Data modeling best practices
1. Keep business objectives in mind
The most important thing when data modeling is to remember how it relates to the overall business. As a software engineer it can be easy to forget the bigger picture, so make sure you are working with business analysts and any other relevant stakeholders to make sure the data model reflects reality.
2. Properly document your data model
Having the best data model in the world is pointless if nobody knows how to use it. Having solid documentation in place will allow others to know what data is available in the system and make it easier to utilize that data to generate valuable insights. Proper documentation of your data model will also help with onboarding new team members faster and make maintaining or modifying the data model easier in the future because you have an up-to-date single source of truth for the current state of the data model via your documentation.
3. Design your data model to be adjustable over time
You should make sure to design your data model so that it can be updated and modified with minimal difficulty. The odds of nailing things on the first attempt are slim and even if you do, there are going to be changes in the future that require new types of data to be added over time. So taking this into consideration from the start will save you pain in the future.
4. Have different levels of abstraction for different people
The standard process for data modeling breaks down into 3 types: conceptual, logical and physical data modeling. These tiers all have different levels of abstraction that can be helpful for allowing even non-technical users to understand the data model. It also allows for technology decisions to be isolated from the higher-level conceptual data models, where that complexity isn’t needed. Here’s a bit more detail on the 3 different types of data modeling:
Conceptual - At the conceptual level objects are defined in relation to the business itself and how they interact or any relevant constraints and business rules.

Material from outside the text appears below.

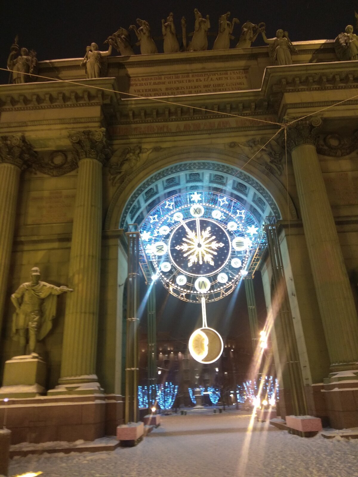 Я иду и думаю, что Петербург в Новый год становится особенно откровенным. Здесь прошлое и современность держатся за руки, а часы между воротами напоминают, что время — это ещё один повод улыбнуться. И если хочешь увидеть город по‐настоящему празднично, просто идёшь к этим гигантским часам, где свет и история встречаются под боем курантов.

Logical - At the logical level more detail is added to the objects that were determined at the conceptual stage of data modeling. Logical data models usually include what specific data types and attributes each object should have.
Physical - The physical data model defines the actual technical details for storing the data. This will include database specific implementation details. Using a relational database as an example, the physical model would include the SQL to create tables and define data types for each column in the tables representing the objects defined during the conceptual design stage.
5. Choose the right data modeling technique
There are many different data modeling techniques. Which one you choose should be based on what type of data you are working with and the type of workload. The simplest example would be whether you are creating a data model for an end user application or for data analysts who will be doing mostly analytics queries.
For the first situation you might want to go with relational data modeling, a common choice. For the second it might make more sense to use dimensional modeling. There are tradeoffs to every decision, the key is to figure out which data model provides the most benefits with downsides that are mitigated by the nature of your use case.
6. Think about data governance and security
In recent years data privacy and security have become major topics, with lots of regulation being put into place as well. As part of your data modeling process it makes sense to take the time to also consider how data will be protected, who will have access to it and your overall data governance strategy as a whole.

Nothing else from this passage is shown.